Raw data

[Start of section]

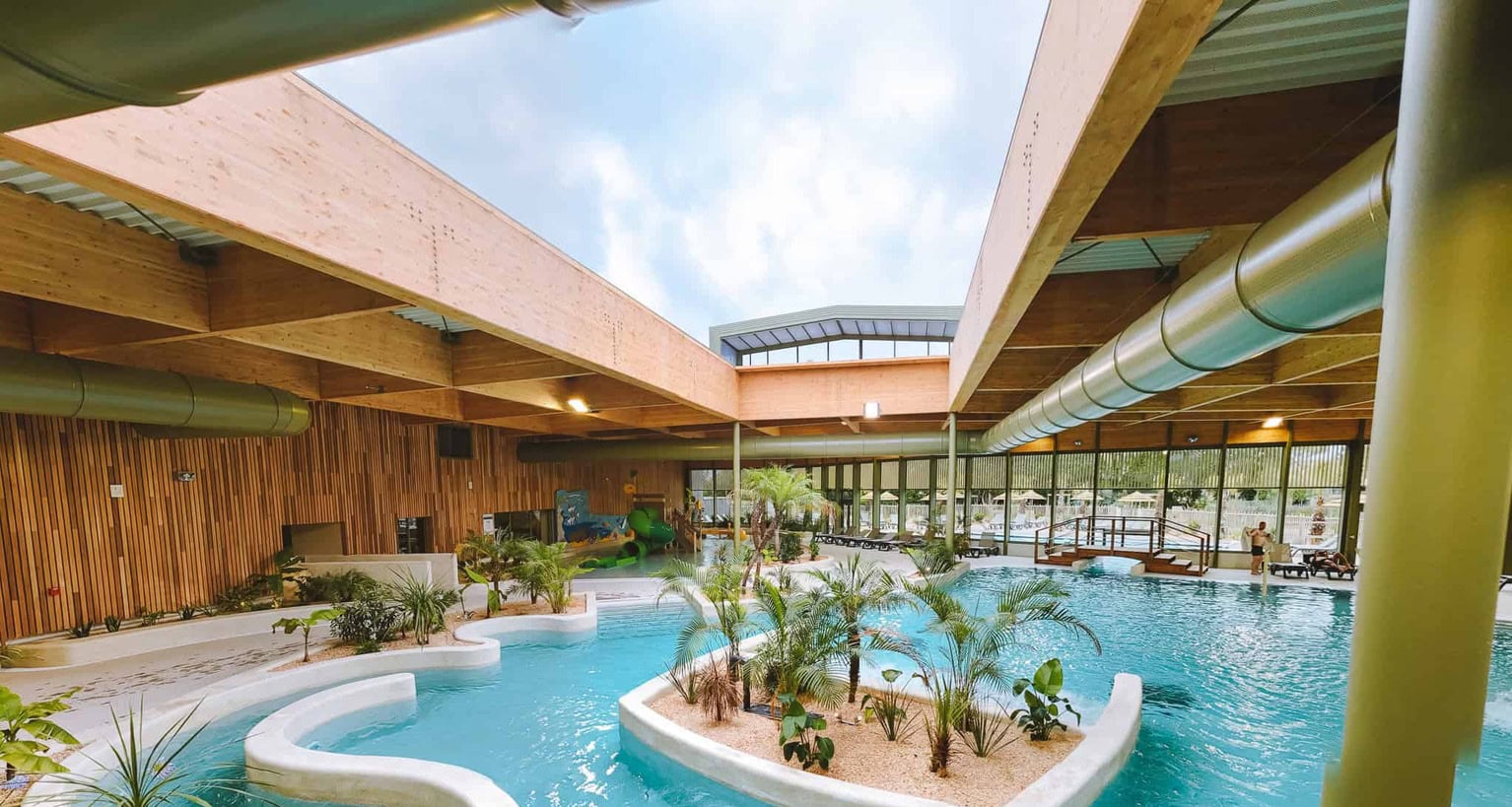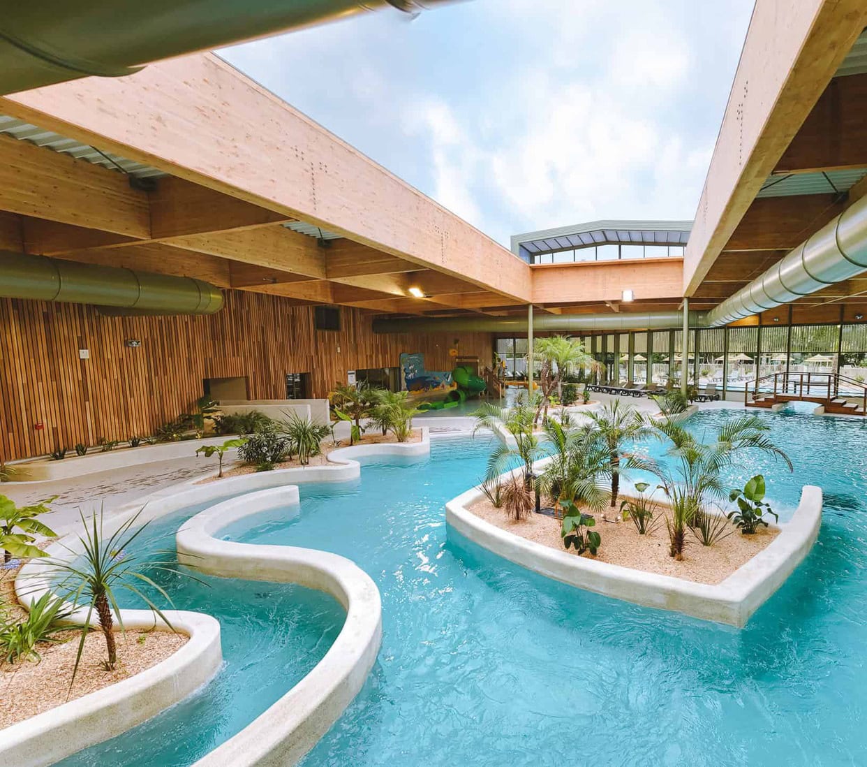 Vous pourrez vous prélasser dans un bain bouillonnant de 90m² ou dans les bassins ludiques intérieurs et extérieurs équipés de jets massant. Nagez à contre-courant dans la rivière, dévalez un toboggan en spirale de 48m et dépensez-vous dans un bassin nordique extérieur de 23m de long.
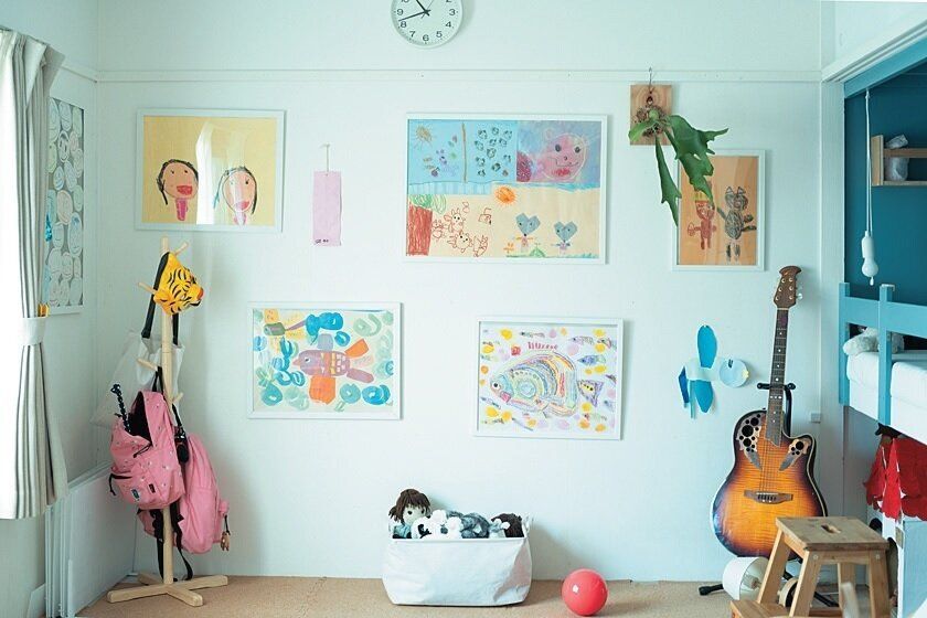 描いた絵や工作などは「取っておいてね」と言う娘たち。でもしまい込むとたまる一方だから、お気に入りの絵はすぐ飾り、壁面をギャラリー風に。学期の終わりに親子で一緒に見直し、古い物から処分。
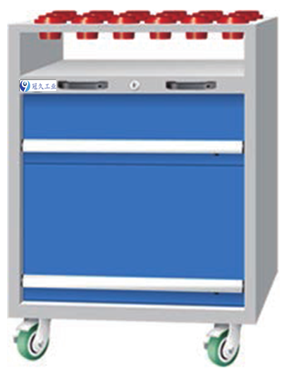 刀具車是存放、搬運(yùn)刀具的裝備,此類刀具車可存BT30、BT40、BT50、HSK63、HSK100等多種型號(hào)的刀具。多邊成型的整體式側(cè)板上有模數(shù)化的人字孔,可將刀座按水平或15°、30°傾斜放置,方便多種刀具的存取。 高強(qiáng)度腳輪,車前為兩個(gè)定向輪,車后為兩個(gè)萬(wàn)向帶 剎車輪,推行平穩(wěn),方向性好,剎車固定后不會(huì)滑動(dòng)。

[End of section]

Output the data above in full. Skip every picture.

Result for this task
 Vous pourrez vous prélasser dans un bain bouillonnant de 90m² ou dans les bassins ludiques intérieurs et extérieurs équipés de jets massant. Nagez à contre-courant dans la rivière, dévalez un toboggan en spirale de 48m et dépensez-vous dans un bassin nordique extérieur de 23m de long.
 描いた絵や工作などは「取っておいてね」と言う娘たち。でもしまい込むとたまる一方だから、お気に入りの絵はすぐ飾り、壁面をギャラリー風に。学期の終わりに親子で一緒に見直し、古い物から処分。
 刀具車是存放、搬運(yùn)刀具的裝備,此類刀具車可存BT30、BT40、BT50、HSK63、HSK100等多種型號(hào)的刀具。多邊成型的整體式側(cè)板上有模數(shù)化的人字孔,可將刀座按水平或15°、30°傾斜放置,方便多種刀具的存取。 高強(qiáng)度腳輪,車前為兩個(gè)定向輪,車后為兩個(gè)萬(wàn)向帶 剎車輪,推行平穩(wěn),方向性好,剎車固定后不會(huì)滑動(dòng)。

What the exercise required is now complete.